(Task directions)
When you reach the line in the data below that contains "zu 15 L/min.", please start repeating lines exactly, and stop after the line that contains "Μαύρη γάτα, Κούπα", repeating nothing else.

(Data provided)
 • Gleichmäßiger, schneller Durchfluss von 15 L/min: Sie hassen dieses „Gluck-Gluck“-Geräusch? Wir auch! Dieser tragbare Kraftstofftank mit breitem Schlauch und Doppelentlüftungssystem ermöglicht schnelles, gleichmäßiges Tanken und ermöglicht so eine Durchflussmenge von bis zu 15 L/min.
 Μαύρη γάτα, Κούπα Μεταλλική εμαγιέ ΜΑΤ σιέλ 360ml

* * *

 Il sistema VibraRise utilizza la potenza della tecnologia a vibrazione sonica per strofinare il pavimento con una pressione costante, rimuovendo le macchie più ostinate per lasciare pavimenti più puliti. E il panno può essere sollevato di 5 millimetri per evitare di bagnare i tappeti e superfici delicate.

...

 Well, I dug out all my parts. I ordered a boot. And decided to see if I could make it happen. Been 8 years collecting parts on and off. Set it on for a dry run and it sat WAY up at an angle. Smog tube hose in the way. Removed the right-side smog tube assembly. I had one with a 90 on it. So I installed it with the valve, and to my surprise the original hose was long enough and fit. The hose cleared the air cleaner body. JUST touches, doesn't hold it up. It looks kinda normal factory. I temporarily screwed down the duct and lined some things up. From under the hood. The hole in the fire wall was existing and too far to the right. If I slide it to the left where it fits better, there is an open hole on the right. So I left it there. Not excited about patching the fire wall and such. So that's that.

(Answer to this task)
 • Gleichmäßiger, schneller Durchfluss von 15 L/min: Sie hassen dieses „Gluck-Gluck“-Geräusch? Wir auch! Dieser tragbare Kraftstofftank mit breitem Schlauch und Doppelentlüftungssystem ermöglicht schnelles, gleichmäßiges Tanken und ermöglicht so eine Durchflussmenge von bis zu 15 L/min.
 Μαύρη γάτα, Κούπα Μεταλλική εμαγιέ ΜΑΤ σιέλ 360ml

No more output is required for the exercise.